Remote job
AI Solution Engineer
Job details
About this role
Role overview A full-time, remote engineering role based in Europe that sits at the seam between an AI platform and the financial services clients who use it. The work centers on turning messy, real-world financial workflows into dependable AI solutions that run in audited production environments. It is a high-ownership position spanning problem framing, solution design, hands-on building, and client-facing iteration.
Responsibilities - Translate client requirements into concrete AI workflows and ship end-to-end solutions on a node-based platform. - Compose agentic and multi-step workflows, including tool calling, retrieval-augmented generation, and prompting strategies that favor deterministic, schema-validated outputs. - Build solutions that handle challenging financial documents such as PDFs, spreadsheets, and email threads, including imperfect and edge-case data. - Work directly with client teams to validate outputs, gather feedback quickly, and harden solutions until they are accurate, auditable, and production-ready. - Own delivery from the first prototype through to a live deployment in a regulated system.

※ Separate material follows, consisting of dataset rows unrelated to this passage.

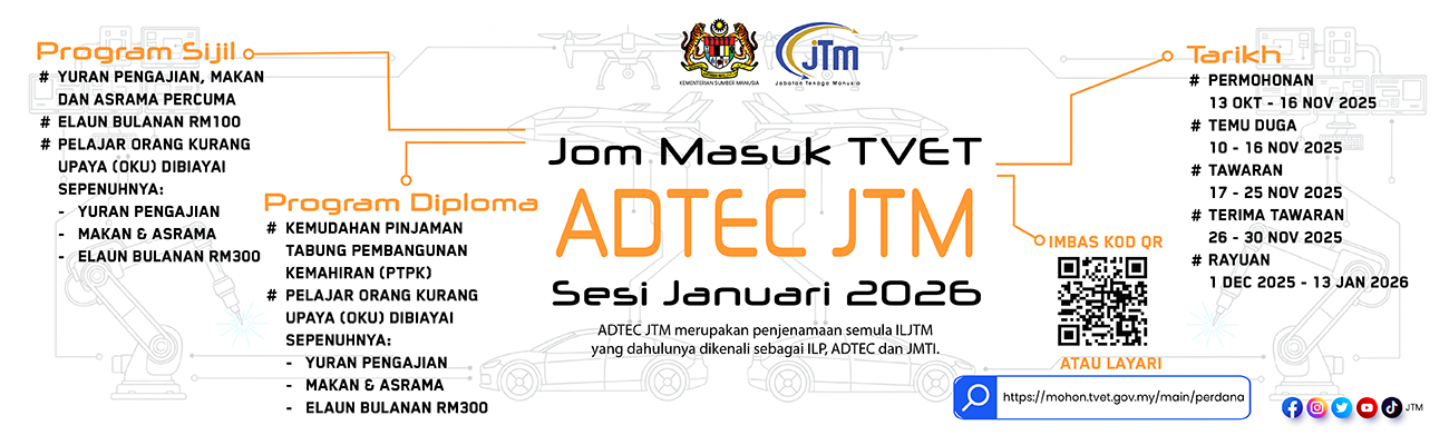 Pusat Latihan Teknologi Tinggi (ADTEC) Batu Pahat tidak bertanggungjawab ke atas apa-apa kehilangan atau kerosakan disebabkan oleh penggunaan maklumat yang diambil dari laman web ini. Kami tidak bertanggungjawab atas sebarang kerosakan atau salah maklumat yang mungkin terjadi dari kandungan yang telah dialih ke bahasa lain. Kandungan rasmi hanya pada laman yang asal iaitu Bahasa Melayu.
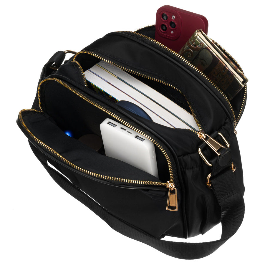Moteriška juoda nailoninė rankinė per petį (crossbody) – lengva, patogi kasdieniam naudojimui. Tvirta nailono medžiaga, praktiškas skyrių išdėstymas ir kompaktiškas dydis.
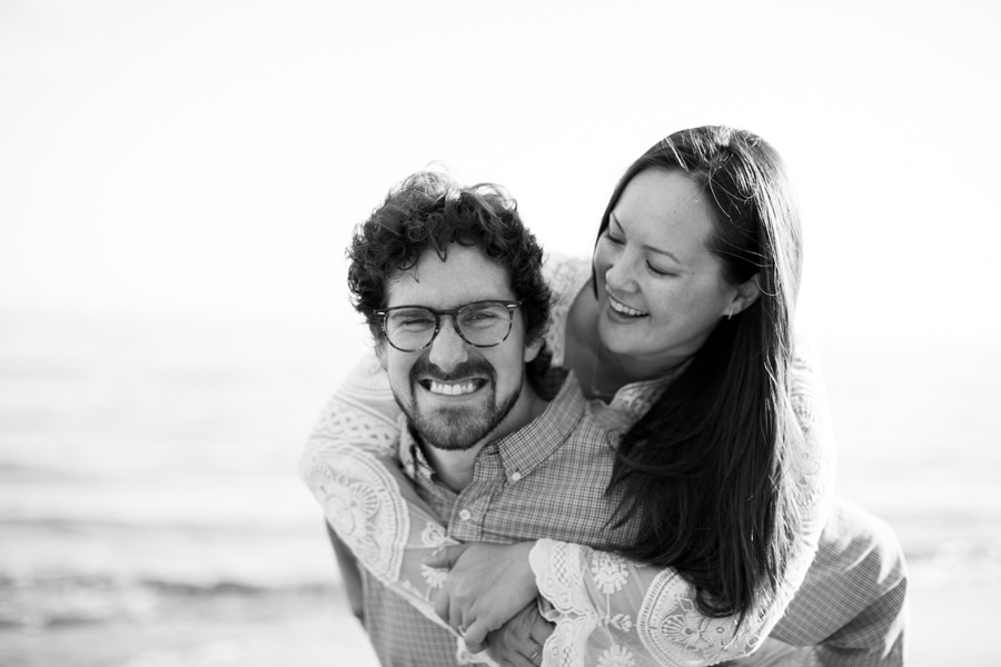 Kelley and Sam have known each other for 11 years, they met in college and have been stuck together ever since. (Click here to see their wedding photos!) For their engagement photos, we decided to take a walk down Henry’s Beach with their super cute dog Penny, are you kidding? Look at them; so dang adorable–what a happy family! Scroll down and enjoy their Henry’s Beach Engagement Photos!
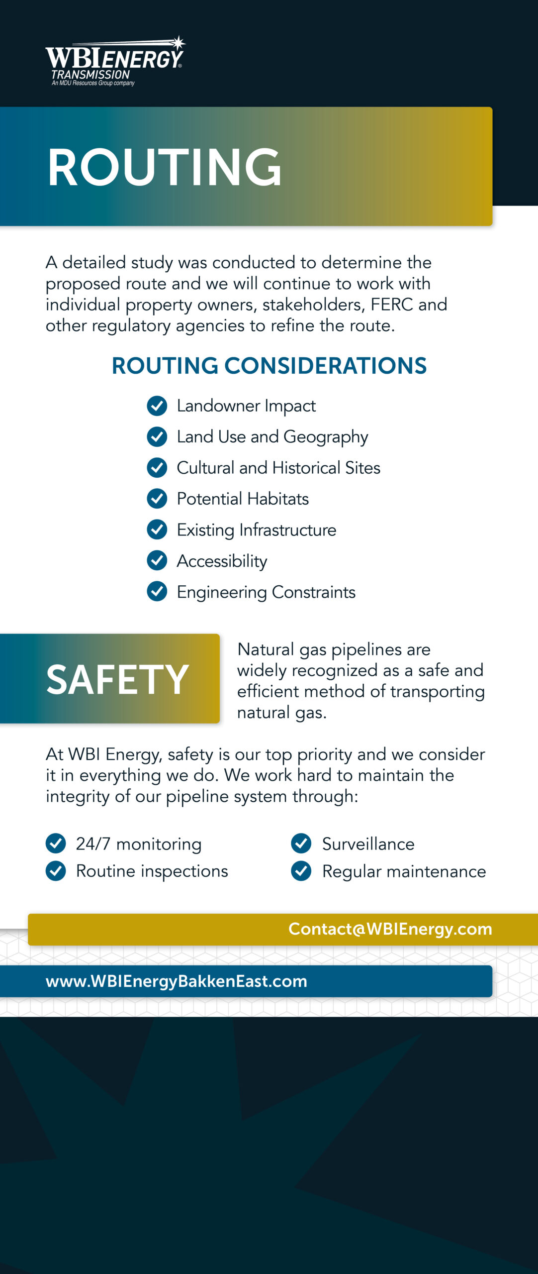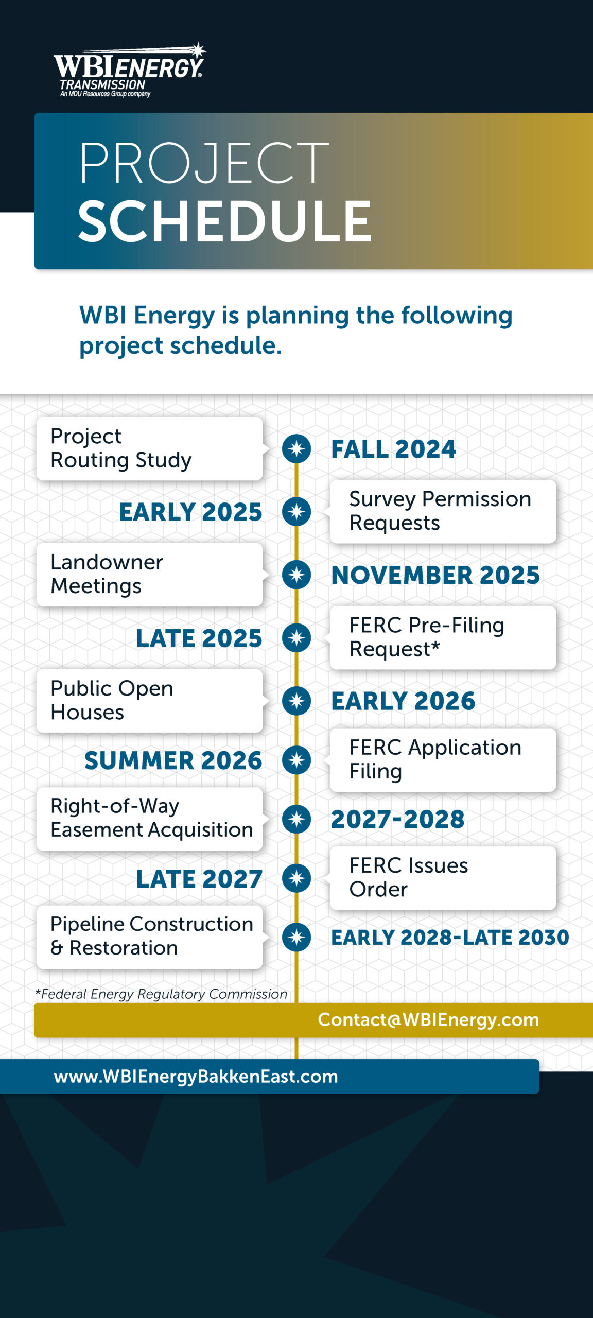 To access information regarding WBI Energy’s filings and any Federal Energy Regulatory Commission (FERC) documents regarding the proposed Bakken East Pipeline Project, visit https://www.ferc.gov/docs-filing/elibrary.asp. WBI Energy’s Pre-filing docket number is PF26-4.
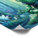 This whimsical poster features a meditating crystal frog in a luminous enchanted forest, serene zen pose with geometric facets, soft light, sparkling mist and tranquil foliage.
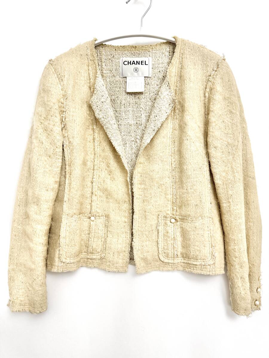 > 6L2214【本物保証】シャネル ノーカラー ジャケット ツイード ベージュ Fパール ココマーク ボタン #36 P21321 03P CHANEL
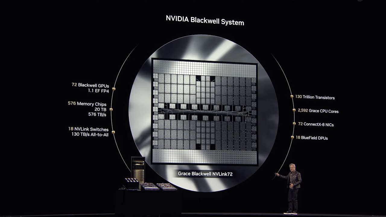 他再次展示了今年 1 月 CES 上他演示的超级芯片 Grace Blackwell NVLink 72。它在一个晶圆上集成了 72 个 Blackwell GPU,并且有 18 个 NVLink Switch,实现 4 位浮点数 FP4 上 1.4 EFLOPS 的计算性能。
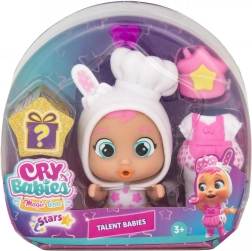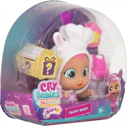 Découvrez Coney de la collection Cry Babies Magic Tears Stars Talent — une petite boulangère dans une tenue en silicone toute douce avec capuche et oreilles de lapin. Grâce à une meilleure mobilité des articulations, vous pouvez facilement l’asseoir, la mettre debout et l’intégrer à des scénarios de jeu créatifs. Après avoir rempli le biberon d’eau et pressé délicatement son ventre, la poupée pleure de vraies larmes, aidant les enfants à vivre et développer leurs émotions.
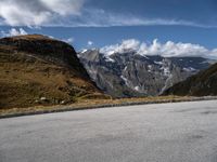 A picturesque landscape in Austria, featuring a winding road that cuts through the highland terrain. The grass surface and clear skies create a serene atmosphere. Majestic mountains and open spaces complete the scene.
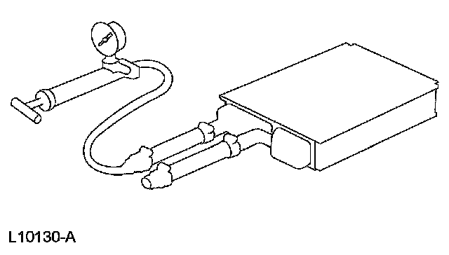 8. If the pressure drops, check the heater water hose connections to the core tubes for leaks. If the heater water hoses do not leak, remove the heater core from the vehicle and carry out the bench test.
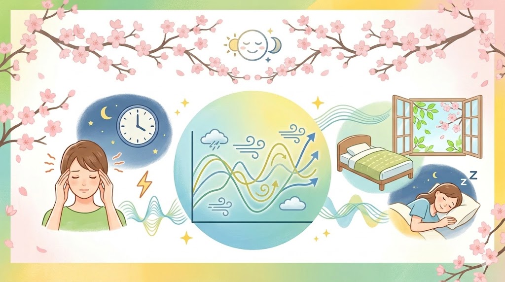 「春 頭痛 気圧 不眠」でお悩みの方へ。この時期特有の気圧変化による体調不良を、自律神経の観点から紐解きます。 「なんだか頭が重い」「布団に入っても目が冴えてしまう……」この時期、同じようなご相談が増えています。 春は桜の季節で華やかですが、実...
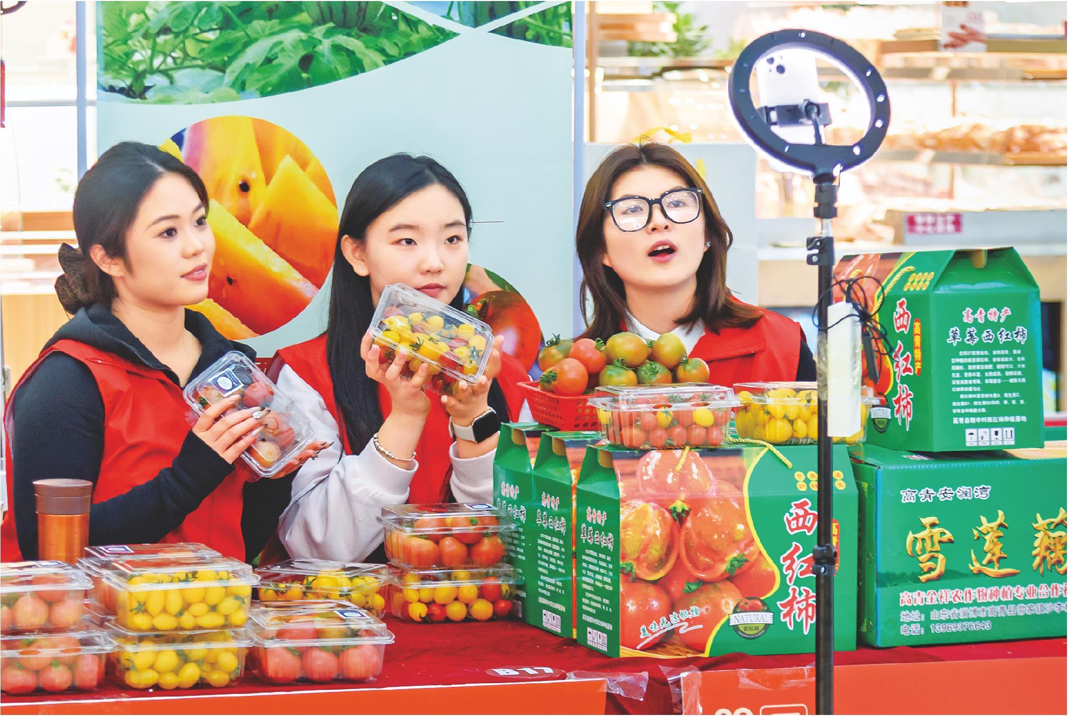 近日,山东轻工职业学院师生在淄博万达广场“山东省2026年巾帼年货大集”现场直播带货,推介当地特产。
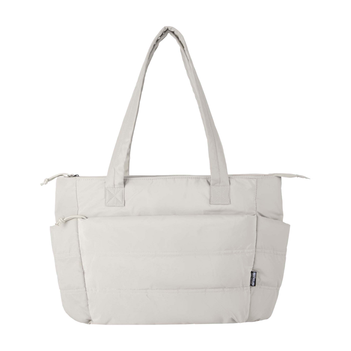 Borsa tote in materiali riciclati con certificazione GRS (Global Recycled Standard), pensata per la quotidianità professionale con organizzazione e protezione. Integra una custodia imbottita per laptop fino a 15,6” e combina tasche interne ed esterne per portare quaderni, caricabatterie, borraccia e altri essenziali senza perdere l’ordine. I manici lunghi imbottiti migliorano la presa e la fascia posteriore consente di fissarla a una valigia durante gli spostamenti. Leggera e idrorepellente, è ideale per congressi, onboarding e uso aziendale con logo.
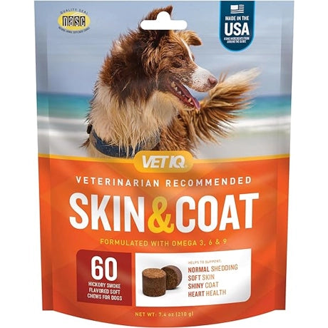 VetIQ Skin & Coat Soft Chew Dog Supplements 60ct Hickory Smoke Flavored
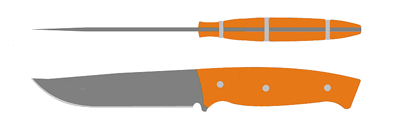 Продолжение темы "138. Своими руками. Ремонтируем рукоять ножа". Если рукоять ножа пострадала на столько, что никакой макияж ей не поможет (а такое бывает, если нож побывал в руках у моих внуков), то придется делать новую рукоять. Скорее всего, это будет рукоять с накладным монтажом и нескрытым хвостовиком. Опыт подсказывает, что у таких ножей хвостовик довольно прочный и страдают только накладки. К счастью, при сохранности хвостовика такую рукоять и восстановить не сложно. Для начала надо освободить хвостовик от остатков старых накладок. Делать это надо осторожно, стараясь не погнуть и не сломать хвостовик. Старые заклепки тоже надо удалить, возможно, их придется спилить ножовкой по металлу в непосредственной близости от хвостовика, а затем осторожно извлечь нерасклепанную часть. Высверливание старых заклепок может потребовать некоторых навыков и при отсутствии сверлильного станка лучше справиться без высверливания. Если хвостовик полноразмерный и его форма полностью совпадает с формо
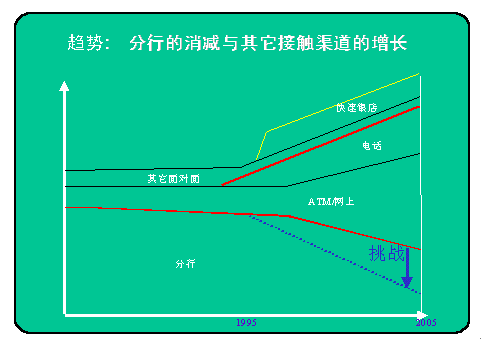 。。下圖為國外專家對(duì)銀行不同客戶服務(wù)渠道發(fā)展比例的說明?梢钥吹,營業(yè)廳的比例在逐年下降,而國外不少銀行甚至將進(jìn)一步壓縮營業(yè)廳比例作為一項(xiàng)渠道的任務(wù)。電話銀行也就是通過IVR實(shí)現(xiàn)的自助服務(wù),自然是呼叫中心的一部分,但人工服務(wù),包括對(duì)上網(wǎng)及其它互動(dòng)方式的客戶提供的座席代表服務(wù),當(dāng)然更是現(xiàn)代呼叫中心業(yè)務(wù)的一部分,圖上雙紅線內(nèi)所表示的正是不斷發(fā)展的呼叫中心的所占比例。
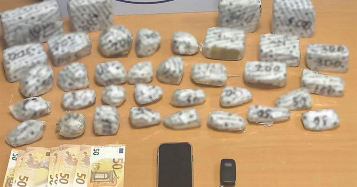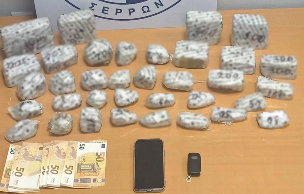 Στην κατοχή του βρέθηκαν αρχικά εννέα συσκευασίες με 743 γραμμάρια ηρωίνης, ενώ σε έρευνα που ακολούθησε στο αυτοκίνητό του, με τη συνδρομή του αστυνομικού σκύλου ανίχνευσης ναρκωτικών «Roxy», εντοπίστηκαν άλλες 26 συσκευασίες με 5,5 κιλά της ίδιας ναρκωτικής ουσίας.
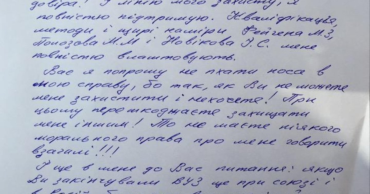 "Если меня не будут устраивать мои адвокаты, я их уволю. Но у меня к моим защитникам полное доверие. И линию моей защиты я полностью поддерживаю", - сказано в нем.
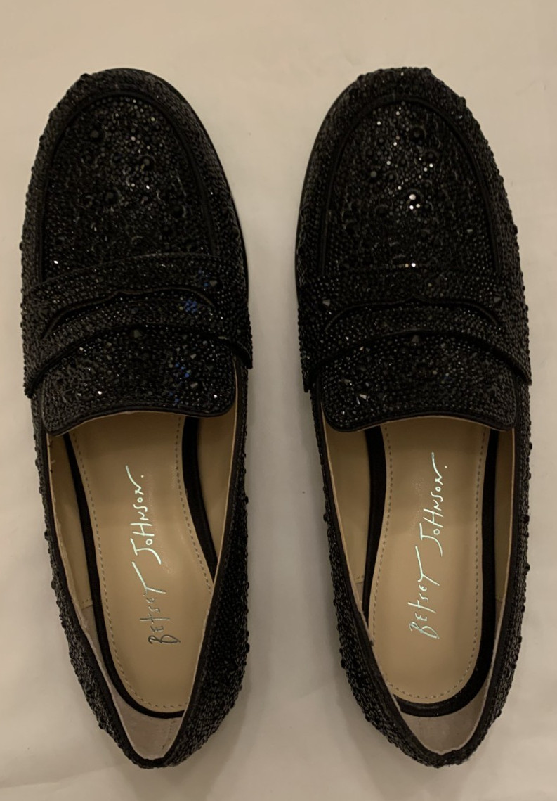 Betsey Johnson Women's Aron Rhinestone Loafer in Black Size 7.5

Requirements - Strong computer science fundamentals and curiosity about AI systems beyond surface-level usage. - Comfort with open-ended problem solving and clear written and verbal communication. - Willingness to learn independently and ask good questions when facing ambiguity. - Advanced English, both written and spoken.
Nice to have - Professional experience in backend systems, APIs, or machine learning tooling. - Hands-on work with LLM orchestration, retrieval pipelines, or other applied AI workflows. - Confidence working directly with stakeholders and translating fuzzy requirements into working solutions. - Genuine interest in system design and the constraints of real production environments.
Benefits and work setup - Full-time, fully remote within Europe. - Flexible start date, ideally as soon as practical. - Competitive salary plus meaningful early-stage equity. - Culture oriented around autonomy, focus, and ownership rather than hours logged. - Quarterly team retreats and exposure to real production AI deployments with real clients.